Start of RAW DATA

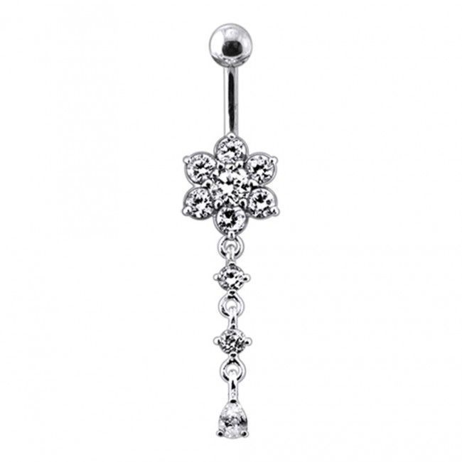Piercingový šperk určený pro piercing pupíku. Piercing je zdobený kytičkou osazenou zirkony.
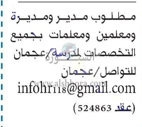تعلن مدرسة خاصة في الامارات عن وظائف شاغرة للمعلمين في جميع المواد وذلك وفقا لنص الاعلان التالي:
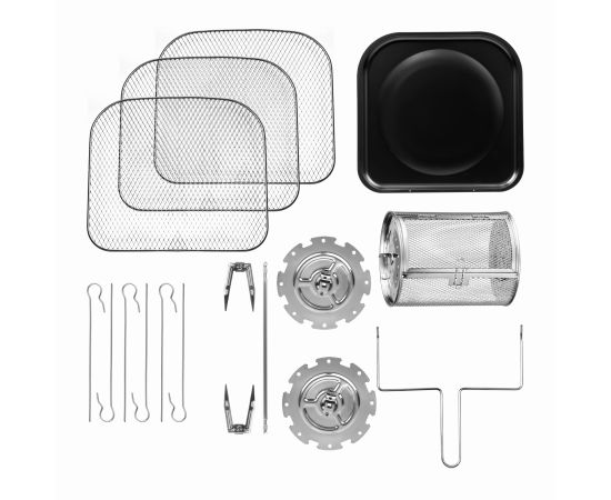 Вращающаяся корзина для картофеля фри, вертел для курицы-гриль с вилками для фиксации, вращающаяся подставка с шампурами, три решетки для запекания или сушки продуктов, поддон для сбора жидкости, металлический держатель, книга рецептов
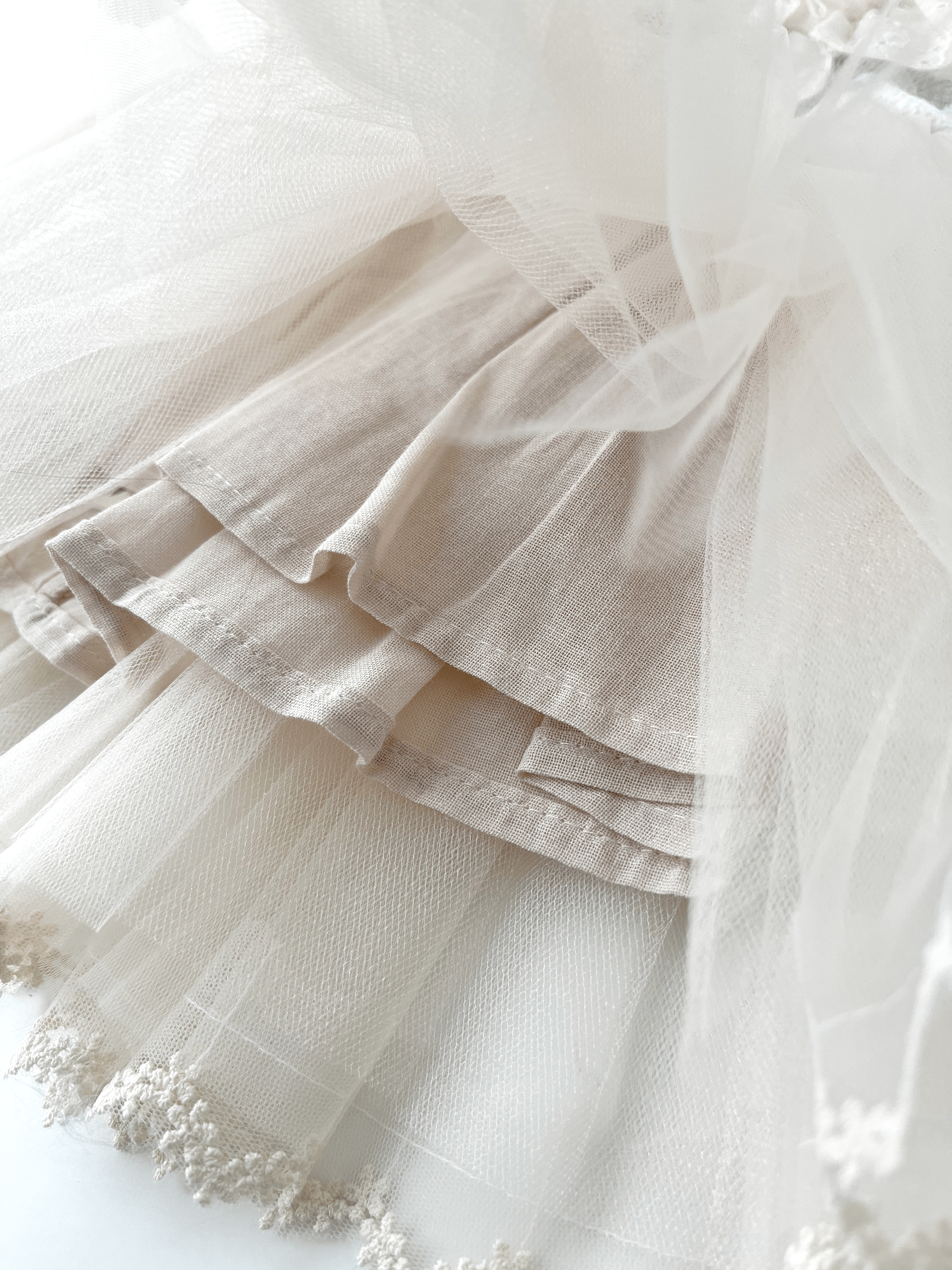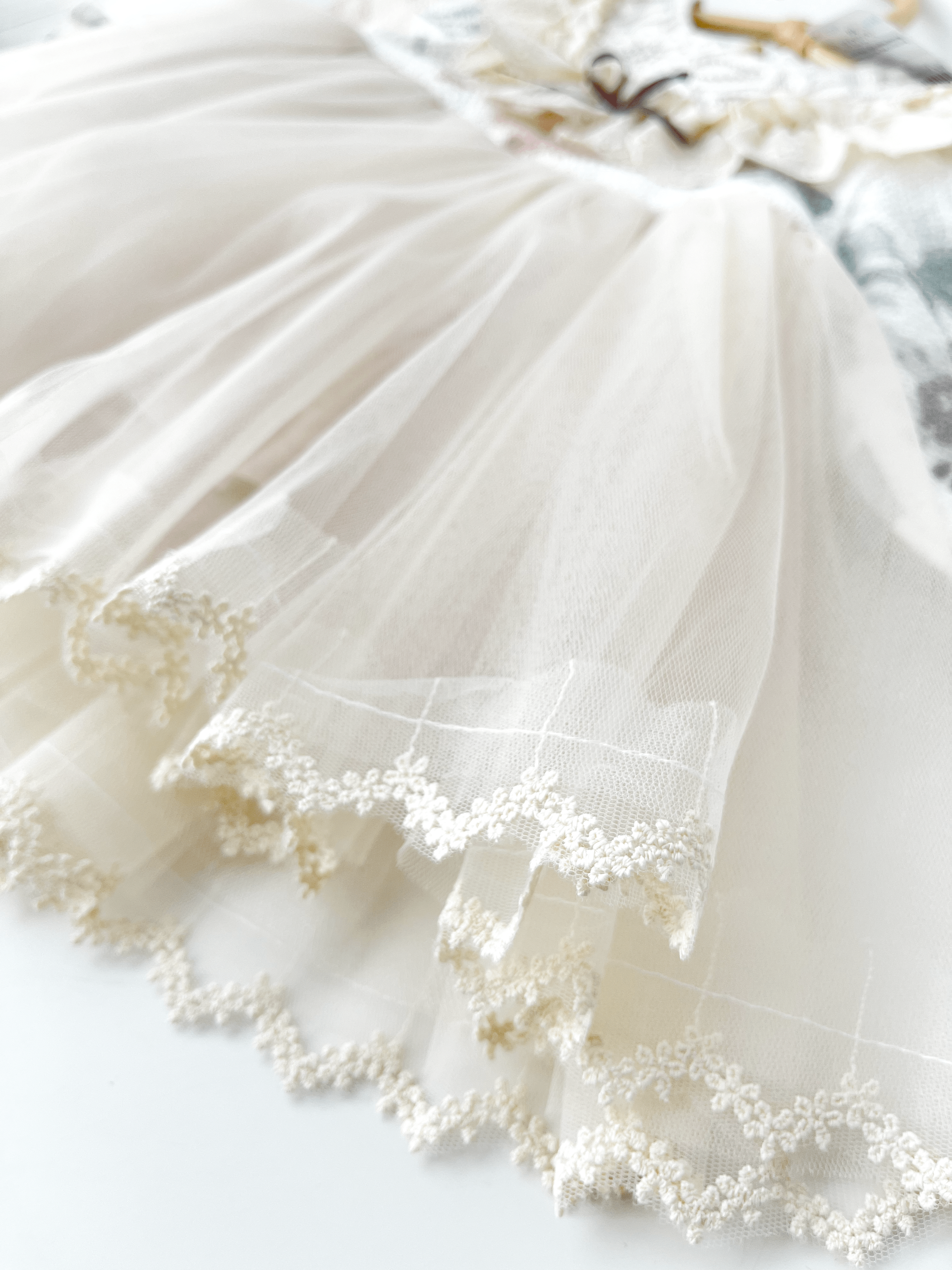 🍦 Partea inferioară a rochiei este realizată din tul fin, cu croială ușor evazată.

End of RAW DATA

Quote the material word for word, dropping any images it holds.

Piercingový šperk určený pro piercing pupíku. Piercing je zdobený kytičkou osazenou zirkony.
تعلن مدرسة خاصة في الامارات عن وظائف شاغرة للمعلمين في جميع المواد وذلك وفقا لنص الاعلان التالي:
 Вращающаяся корзина для картофеля фри, вертел для курицы-гриль с вилками для фиксации, вращающаяся подставка с шампурами, три решетки для запекания или сушки продуктов, поддон для сбора жидкости, металлический держатель, книга рецептов
 🍦 Partea inferioară a rochiei este realizată din tul fin, cu croială ușor evazată.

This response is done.